Joe, the best way to ferret out a problem is to be a detective of sorts.

Your cyclical fever suggests an infectious trigger. There is a tick borne disease called babeiosis, which resembles your initial symptoms. But it is not commonly found everywhere, so I don't know if you travel, hike, camp in the woods alot, etc.
Babeiosis also has a hemolytic anemia, and you don't mention that aspect at all. So it is only a shot in the dark.
There is also the West Nile Virus, which causes encephalitis too, but I don't know if your area has this. We are having an outbreak where I live this year, in fact.

But the ME potential is also thought to be triggered by an infectious process too. Many viral problems turn up here as PN's later. It is a theory that the antibodies in us, may find other tissue that resembles parts of the virus and also attack it. It is called molecular mimicry. The fatty axons of nerves seem a prime target.

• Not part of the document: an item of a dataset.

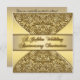 Una imagen de diseño digital con un tema de color dorado para esta tarjeta de invitación de aniversario de bodas de 50 años única, que incluye variedad de imágenes, formas, patrones, estilos y fuentes personalizadas. También viene con un diseño complementario en el reverso con texto personalizable para su ocasión especial.

Now in YOUR case with the addition of the statin, you may have exaggerated response. This is because we now know from recent studies that statins block the nerve growth factors that repair nerves. At one time the anti-inflammatory suggested traits of statins, lent them to be studied for MS patients. The thinking was that the statins may block the formation of the damage plaques in the brain, that are seen on MRIs. But in reality what happened was it was discovered that statins blocked the regeneration of damaged nerves instead. So the statins trials for MS were discontinued.
This is a link to that information. Our PD forum is pretty active in posting statin information, BTW.
http://neurotalk.psychcentral.com/sh...=remyelination

So in effect the damage from an environmental assault on your nerves could be compounded by your statin use. It is something to think about. Statin information now is very available since the patents are running out quickly. Once all of them are on generic, we'll see more papers released. Big Pharma has a habit of holding negative papers for a long time, so as to get as much money as possible from the drugs. This was the case in estrogen therapy for menopause (mostly in US) and also antidepressants, esp studies on children.

There is a member here named Peter. His daughter has ME and has made a wonderful website I think you should look up.
http://www.hfme.org/

and her new site still being worked on:
http://www.hhhummingbirds.com/

The HFME site explains the difference between ME and CFS.

Another thing I found, that might be of interest to you is
Transverse Myelitis. This is an acute spinal inflammation that follows infections, and/or the use of some drugs. (fluoroquinolone antibiotics may cause this)
However, the symptom presentation, on the websites listed is confusing and I am not a neurologist, so I cannot interpret it completely. But it is something to check on and discuss with the doctor. It can often be confused with MS.
http://en.wikipedia.org/wiki/Transverse_myelitis

Typical diabetic PN type does not present suddenly like yours, or affect muscles so quickly. The acute PNs like CIDP do and can affect motor earlier as demyelination will be global.
Your tests on Friday may reveal more for you. If you are diagnosed with a demyelinating form, you will have to consider stopping that statin...as it is adding to the problem.

In the meantime, I'd start the magnesium ASAP and see if your muscles improve. Magnesium glycinate is one type of chelate that is well absorbed.